2. Calculate search direction p: A column vector g = ∇_θΨ of the first derivatives of the objective function Ψ(θ) in Eq. 4 with respect to the elements of θ is first calculated as:

   $${\mathit{g}}^n={\nabla }_{\mathit{\theta }}\mathrm{\Psi }=\mathfrak{R}\left\{i\text{diag}\left\{f_j^{\ast }{e}^{-i{\theta }_j^n}\right\}{\mathit{G}}^{\prime }\left(\stackrel{\sim }{\mathit{y}}-\mathit{G}\text{diag}\left\{e^{i{\theta }_j^n}\right\}\mathit{f}\right)\right\},$$ (7)
   where G is a (non-uniform) DFT matrix. Using the Polack-Ribière conjugate gradient formula, the search direction at iteration n is given by:

   $${\mathit{p}}^n=\{\begin{array}{ll}-{\mathit{g}}^n,\hfill & n=0\hfill \\ -{\mathit{g}}^n+\frac{\langle {\mathit{g}}^n-{\mathit{g}}^{n-1},{\mathit{g}}^n\rangle }{{\Vert {\mathit{g}}^{n-1}\Vert }^2}{\mathit{p}}^{n-1},\hfill & n\ge 1\hfill \end{array}$$ (8)
3. Calculate step size α: α is evaluated subject to non-positivity constraints as follows: If ${\theta }_j^n>\epsilon$ for some threshold ε (ε = π/1000 was used in the present work) and $p_j^n>0$, then set $p_j^n=0$ since the search direction will lead to violation of the non-positivity constraint at that location, for any α. Then solve

   $${\alpha }_n=\underset{\alpha }{\text{argmin}}\mathrm{\Psi }({\mathit{\theta }}^{\mathit{n}}+\alpha {\mathit{p}}^n)$$ (9)
   using a backtracking line search.
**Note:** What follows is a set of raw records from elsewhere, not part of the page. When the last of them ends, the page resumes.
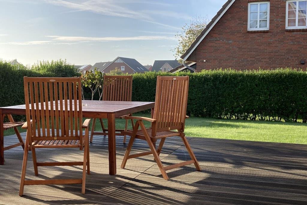 Gemütliches Ferienhaus in Wyk mit Schwimmbecken, Garten und moderner Ausstattung für erholsame Urlaubstage.
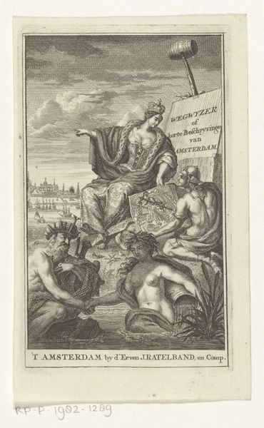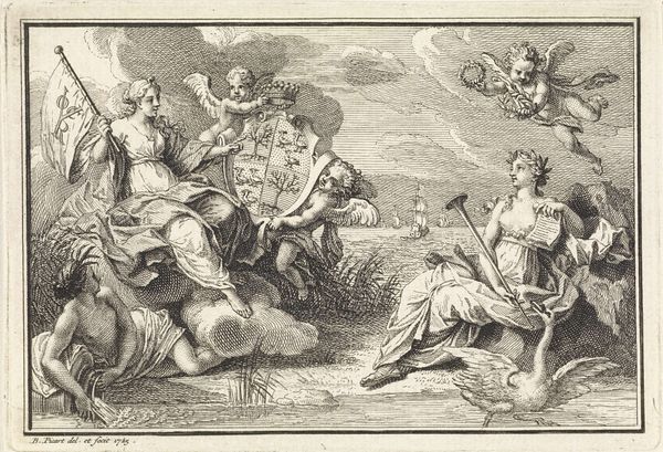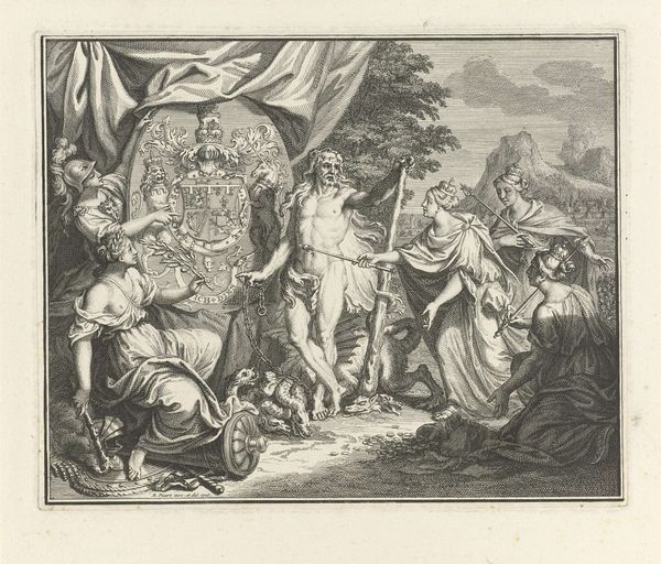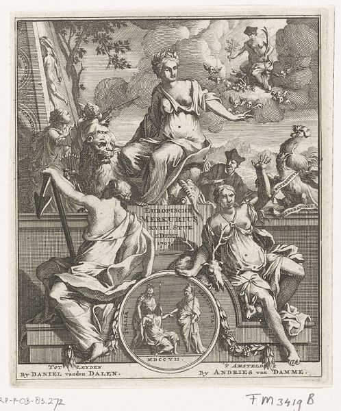 Curator: Pieter de Jode I created this engraving, "Gezicht," sometime between 1590 and 1632. It currently resides here at the Rijksmuseum. What strikes you upon viewing this print? Editor: Immediately, I’m drawn to the tonal range achievable through engraving, it gives real depth despite being on paper. And that light emanating from the top left! The strong diagonals in the composition lead the eye through different characters with incredible effectiveness. Curator: Indeed. De Jode was part of a larger artistic community, a network fueled by the booming printmaking industry in Antwerp. Prints allowed for the rapid dissemination of ideas, influencing taste and transmitting social and political commentary. Editor: Absolutely. If we consider how de Jode arranged forms in this engraving, Jupiter strikes with his scepter an allegorical representation of sight while he is on top of draped cloth and there's a very peculiar chicken in the foreground. The central woman with the basket, together with the male figure that looks like an old wanderer is full of movement while creating a strong contrast with the stationary god figure. Curator: The allegorical figure "Visus" represented with that woman reading a book shows sight's importance through her focus on scripture or perhaps scholarly works. The older man carrying his belongings speaks to everyday experiences shaped by how we perceive the world. Consider also the relationship with other artisans in de Jode's workshop. He relied on skilled laborers for everything from preparing copper plates to distributing finished prints. Editor: The lines that construct the images invite viewers to actively engage in visually completing it. How de Jode layered and contrasted each line gives rise to distinct and subtly shifting tones which produces movement. This makes me think of similar formal relationships in mannerist painting from the time. Curator: By considering the engraving practices, dissemination networks and socioeconomic factors influencing de Jode's practice, we begin understanding that prints weren't autonomous aesthetic objects, but active participants of historical dialogues, informing belief and directing actions. Editor: I concur. By acknowledging this artwork’s composition through allegorical representation and its textural qualities within its historical context of material and means of production we see it not as merely aesthetic artifact, but a confluence of human skill and creative output from a long gone time.
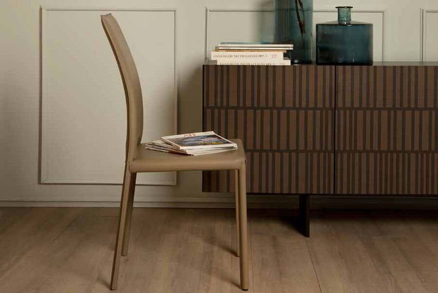 Обеденный стул Madeleine выполнен в минималистическом стиле, что делает его универсальным. Металлический каркас покрыт особой прочной кожей Cuoio. Стул Madeleine прошел тест CATAS и имеет сертификат европейского качества, который подтверждает устойчивость мебели при ежедневном использовании.
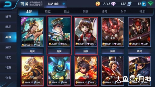 两年前的商城售卖英雄截图和现在的没有什么太大变化,只不过图中的刘禅、孙膑、后羿、墨子和李元芳因为重塑,所以头像更改了!
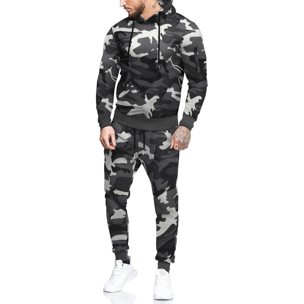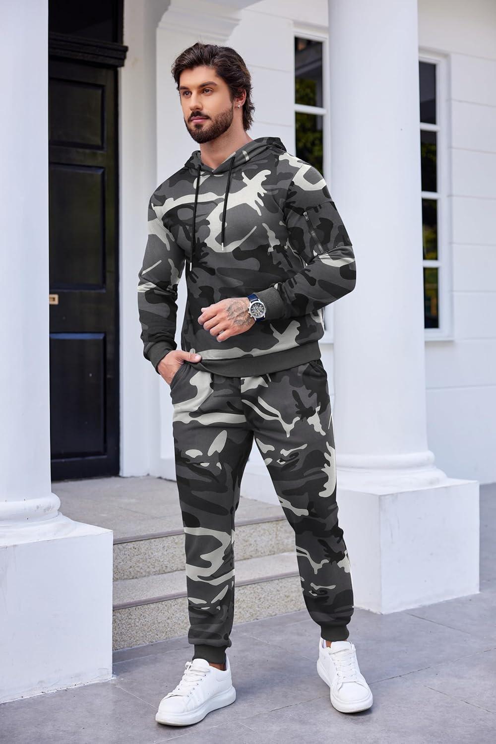 COOFANDY Men's Tracksuit 2 Piece Hooded Athletic Sweatsuits Casual Running Jogging Sport Suit Sets(Grey Camo)

Next, determine if the α returned by the line search causes violation of the non-positivity constraint. Let zⁿ = θⁿ + α_npⁿ. If [zⁿ]₋ ≠ zⁿ, then set

   $${\mathit{p}}^n={[{\mathit{z}}^n]}_{-}-{\mathit{\theta }}^n$$ (10)
   and perform another backtracking line search with the updated pⁿ:

   $${\alpha }_n=\underset{\alpha \in [0,1]}{\text{argmin}}\mathrm{\Psi }({\mathit{\theta }}^{\mathit{n}}+\alpha {\mathit{p}}^n)$$ (11)

4. Update θ: θⁿ⁺¹ = θ ⁿ + αpⁿ

5. until The desired number of iterations is reached.